Task description | Verbatim copy without images: repeat the records in full.

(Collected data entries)
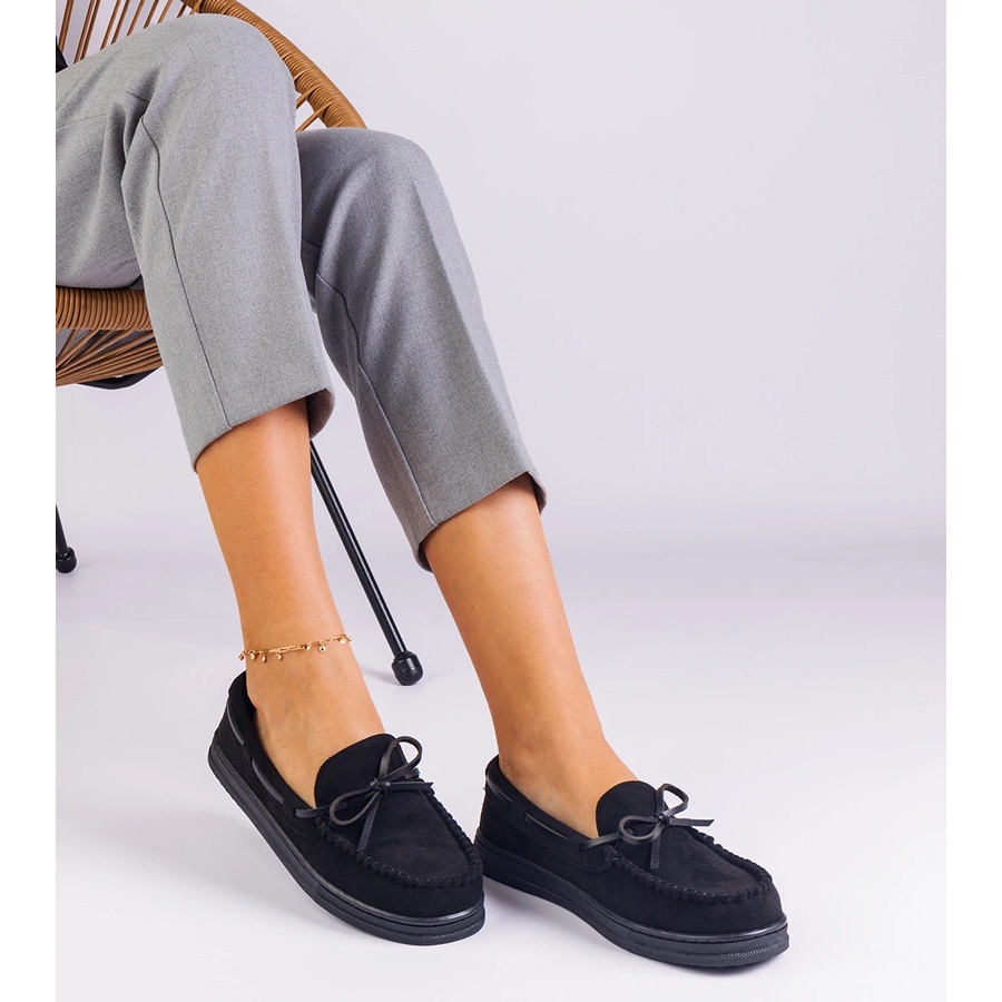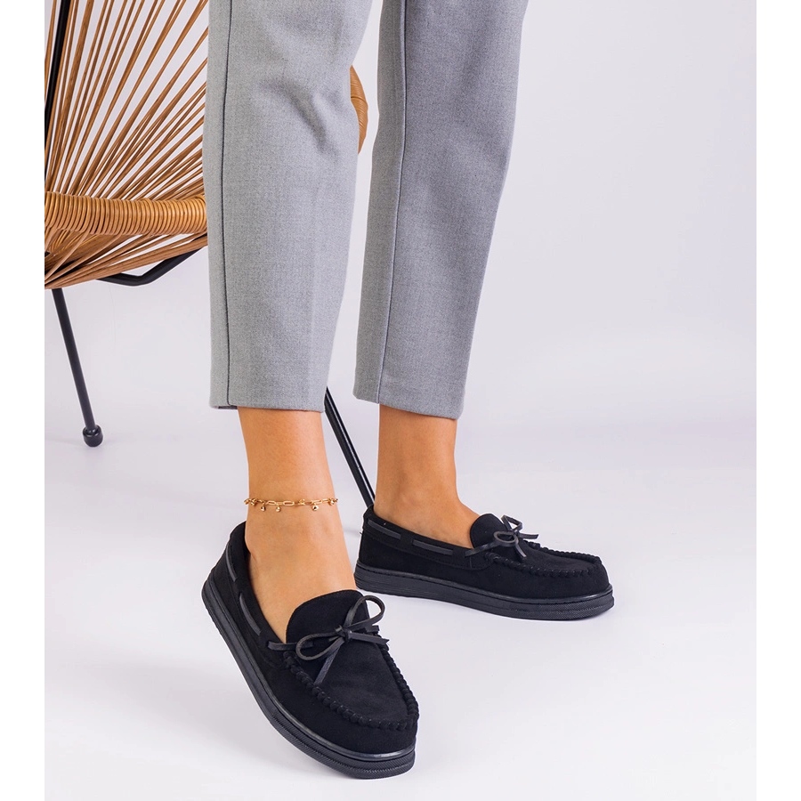 Introduceți o mică eleganță și mângâiați -vă în stilizarea dvs. zilnică, datorită mocasinelor noastre negre ale femeilor noastre din Ekozamsz cu un arc. Aceasta este alegerea perfectă pentru femeile care doresc să combine designul la modă cu confort la fiecare pas.
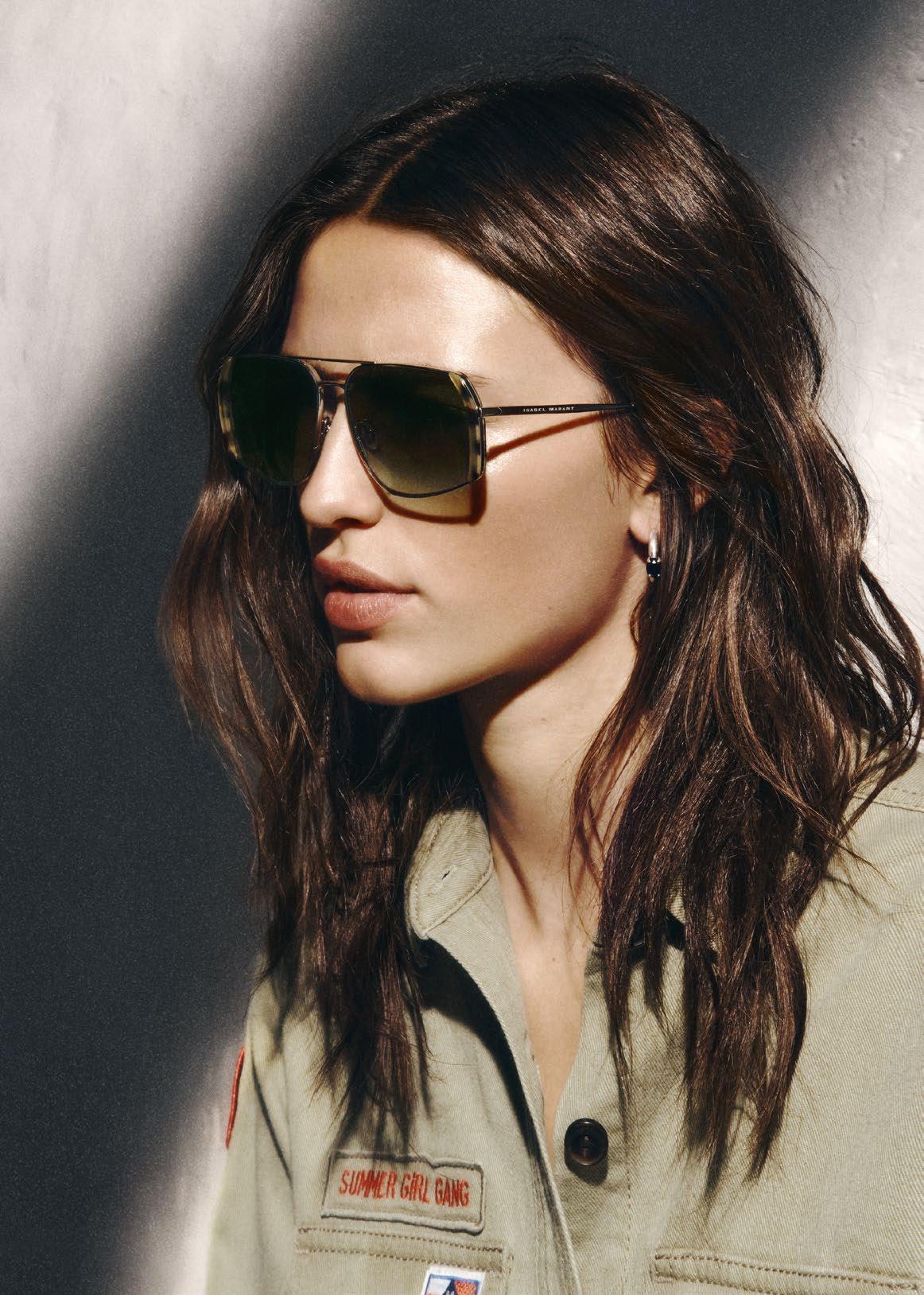 La couleur est présente, tout en restant subtile. Transparents doux, teintes fumées et nuances naturelles chaleureuses alternent avec des accents frais et des dégradés délicats. Les montures métalliques, elles aussi, se renouvellent avec des formes plus épurées et des finitions mates contemporaines.
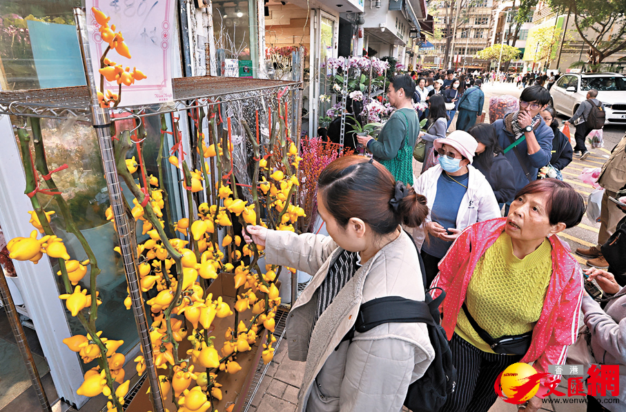 (香港文匯報編輯組)還有約十天便到農曆新年,市民已急不及待外出消費選購年花年桔、賀年食品,甚至為自已購入新衣服鞋履等。新春氣氛漸濃,每逢周末周日,銅鑼灣、尖沙咀、紅磡、旺角花墟等多個人流熱點不時人頭湧湧,一些連鎖商場更不惜工本加入與馬年有關的布置,製造「新熱點」讓顧客打卡。部分出售賀年食品的店舖、賀年飾物的攤檔、花檔等擠得水洩不通,商戶有望賺得盆滿缽滿,全城過年氣氛不斷升溫,市民「超前部署」送舊迎新,開開心心喜迎馬年。
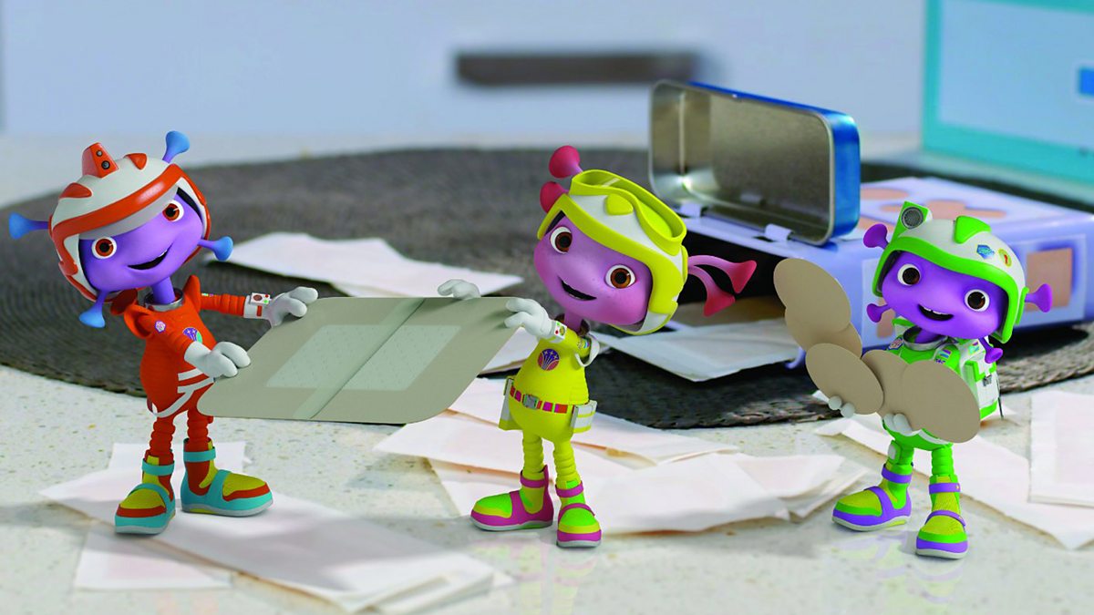 Tha na Floogals a' lorg plèastaran ach chan eil iad a tuigsinn carson a tha iad. The Floogals find plasters but they can't work out what they might be for.
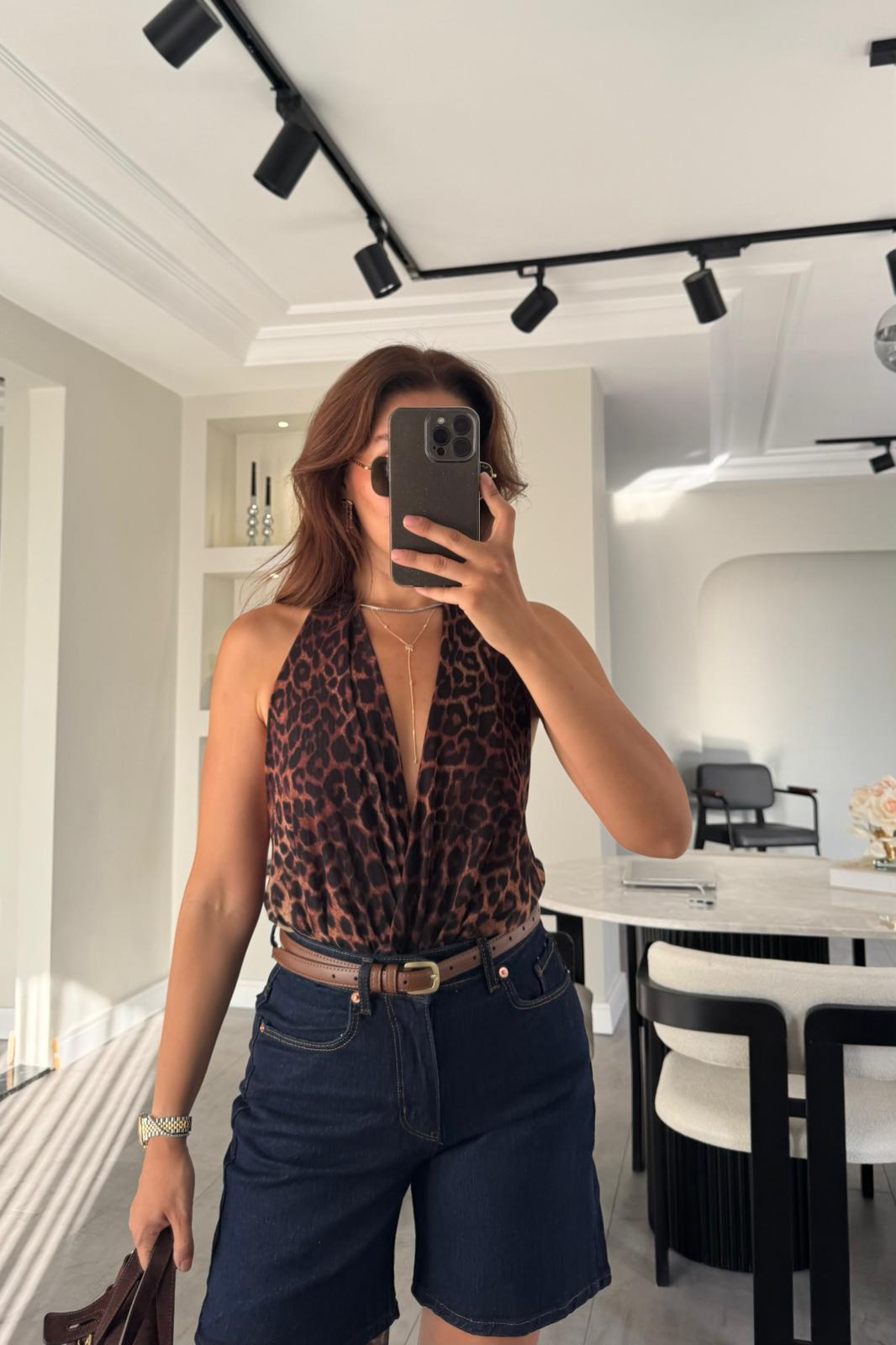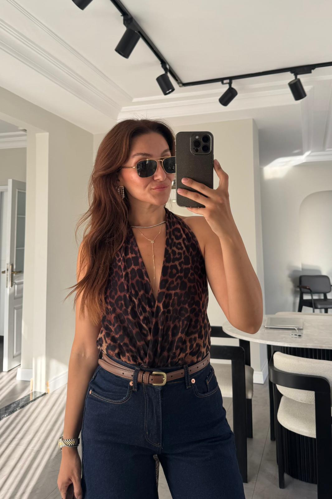 LEOPAR DESEN TÜL BODYSUİT TAM KALIPTIR
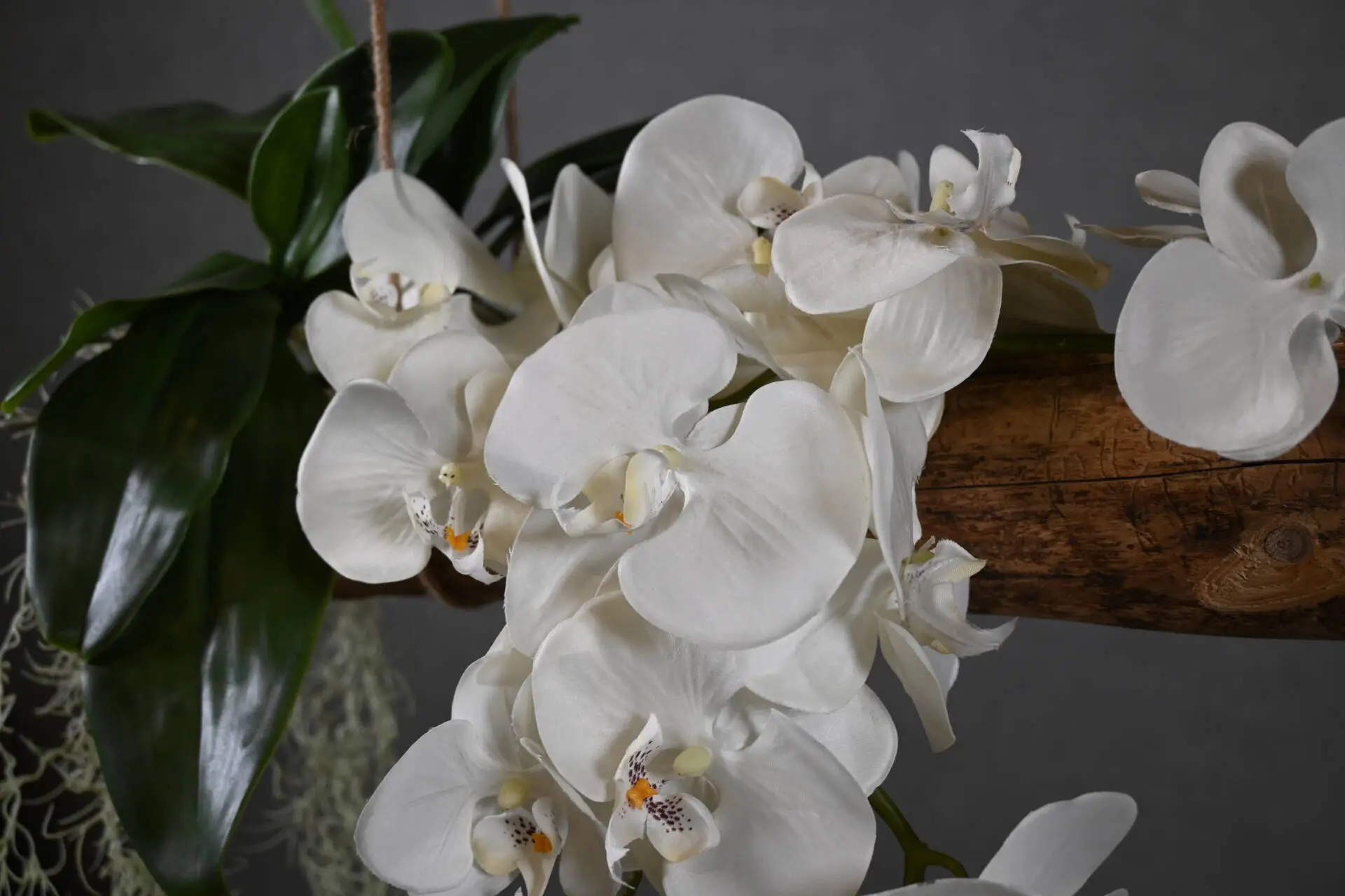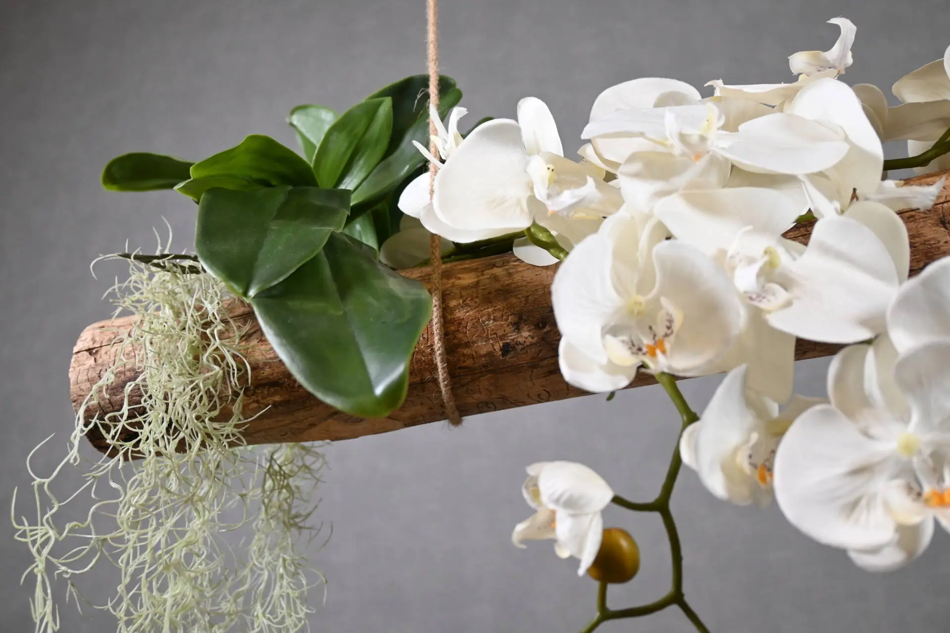 Dieser Baumstamm-Anhänger bringt eine natürliche und stilvolle Atmosphäre in dein Zuhause. Der robuste Holzstamm ist entrindet und zeigt eine schöne Kombination aus Kunstdekoration: naturgetreue Orchideen, frische grüne Blätter und hängendes Grünzeug.
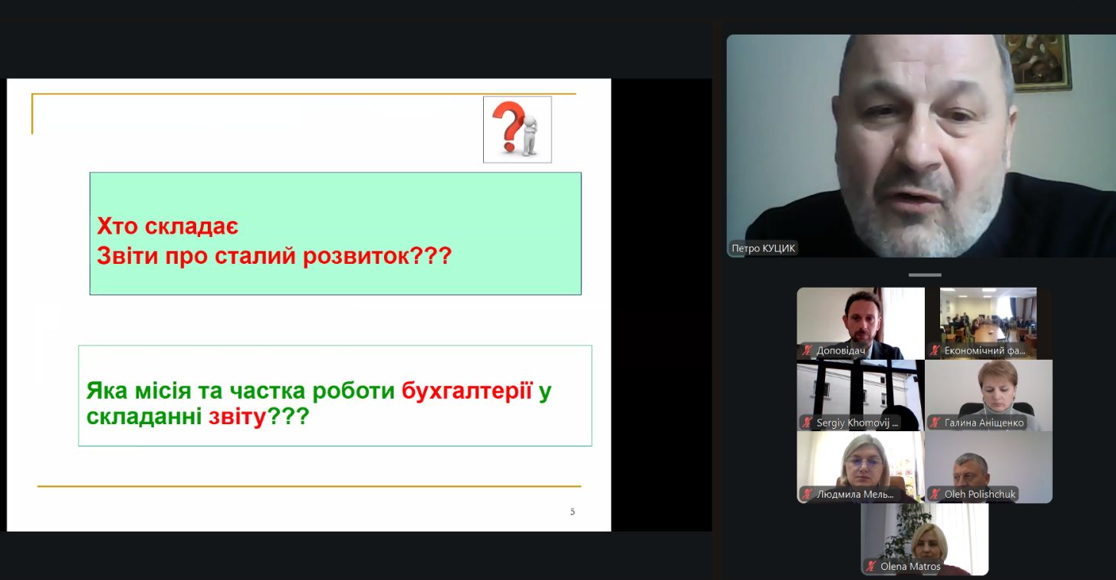 Ректор Львівського торговельно-економічного університету професор Петро КУЦИК представив тему «Розкриття інформації про ризики у звітності про сталий розвиток», а професор Національної академії статистики, обліку та аудиту Володимир ШЕВЧУК — «Розвиток облікової науки – відповідь на виклики воєнного та повоєнного періодів».
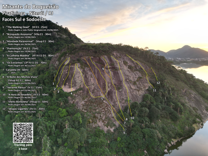 Descrição: Via técnica, em pequenas agarras, com uma primeira metade bem vertical e delicada. Boa proteção em chapas simples de aço carbono 1020, com parada dupla no topo em chapas PinGo Inox 316L. Para o acesso à base, recomenda-se vir do cume e rapelar, apesar de possuir trilha contornando o cume pela face norte.
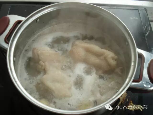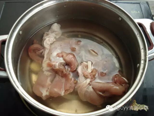锅里放入凉水,料酒,姜片,鸡腿肉。
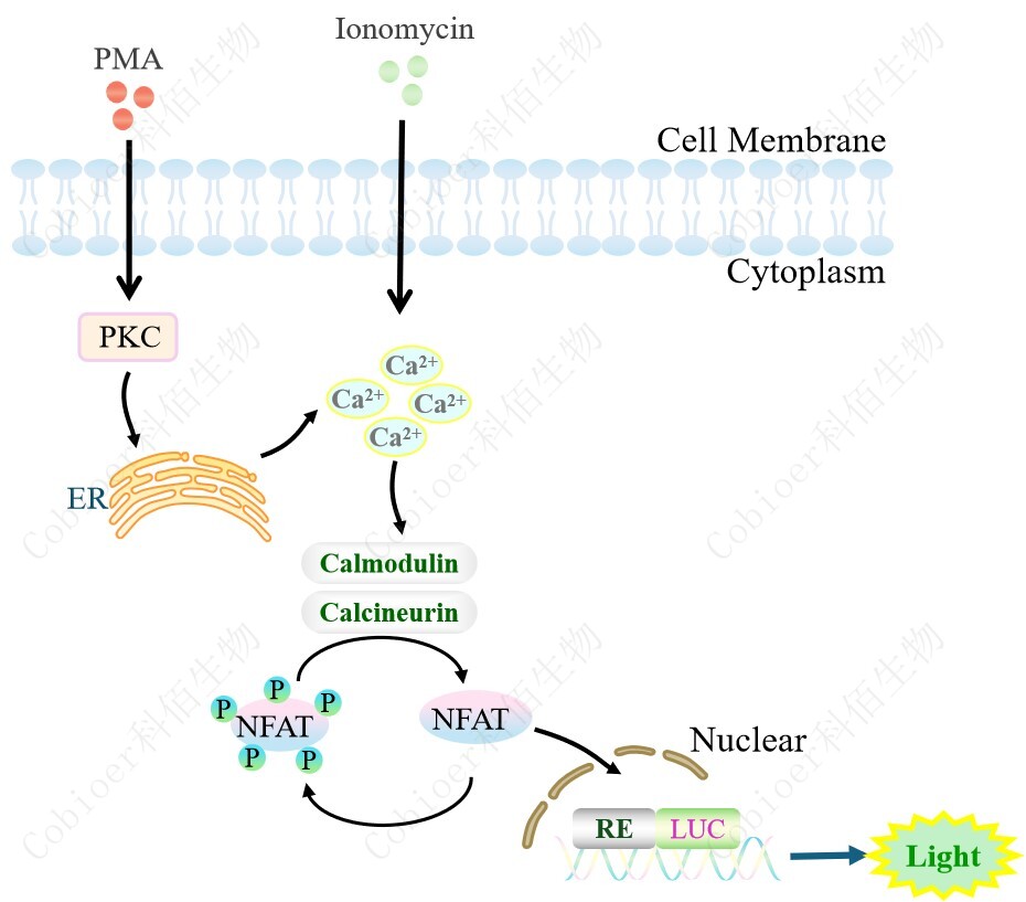 NFAT-Luc HEK293 報告基因藥靶模型很好的模擬了體內 NFAT 的信號轉導過(guò)程,原理見(jiàn)下圖所示。 ![]() Figure 1. NFAT-Luc HEK293 細胞模型原理圖 |

Exercise response |
 Introduceți o mică eleganță și mângâiați -vă în stilizarea dvs. zilnică, datorită mocasinelor noastre negre ale femeilor noastre din Ekozamsz cu un arc. Aceasta este alegerea perfectă pentru femeile care doresc să combine designul la modă cu confort la fiecare pas.
 La couleur est présente, tout en restant subtile. Transparents doux, teintes fumées et nuances naturelles chaleureuses alternent avec des accents frais et des dégradés délicats. Les montures métalliques, elles aussi, se renouvellent avec des formes plus épurées et des finitions mates contemporaines.
 (香港文匯報編輯組)還有約十天便到農曆新年,市民已急不及待外出消費選購年花年桔、賀年食品,甚至為自已購入新衣服鞋履等。新春氣氛漸濃,每逢周末周日,銅鑼灣、尖沙咀、紅磡、旺角花墟等多個人流熱點不時人頭湧湧,一些連鎖商場更不惜工本加入與馬年有關的布置,製造「新熱點」讓顧客打卡。部分出售賀年食品的店舖、賀年飾物的攤檔、花檔等擠得水洩不通,商戶有望賺得盆滿缽滿,全城過年氣氛不斷升溫,市民「超前部署」送舊迎新,開開心心喜迎馬年。
 Tha na Floogals a' lorg plèastaran ach chan eil iad a tuigsinn carson a tha iad. The Floogals find plasters but they can't work out what they might be for.
 LEOPAR DESEN TÜL BODYSUİT TAM KALIPTIR
 Dieser Baumstamm-Anhänger bringt eine natürliche und stilvolle Atmosphäre in dein Zuhause. Der robuste Holzstamm ist entrindet und zeigt eine schöne Kombination aus Kunstdekoration: naturgetreue Orchideen, frische grüne Blätter und hängendes Grünzeug.
 Ректор Львівського торговельно-економічного університету професор Петро КУЦИК представив тему «Розкриття інформації про ризики у звітності про сталий розвиток», а професор Національної академії статистики, обліку та аудиту Володимир ШЕВЧУК — «Розвиток облікової науки – відповідь на виклики воєнного та повоєнного періодів».
 Descrição: Via técnica, em pequenas agarras, com uma primeira metade bem vertical e delicada. Boa proteção em chapas simples de aço carbono 1020, com parada dupla no topo em chapas PinGo Inox 316L. Para o acesso à base, recomenda-se vir do cume e rapelar, apesar de possuir trilha contornando o cume pela face norte.
锅里放入凉水,料酒,姜片,鸡腿肉。
 NFAT-Luc HEK293 報告基因藥靶模型很好的模擬了體內 NFAT 的信號轉導過(guò)程,原理見(jiàn)下圖所示。 ![]() Figure 1. NFAT-Luc HEK293 細胞模型原理圖 |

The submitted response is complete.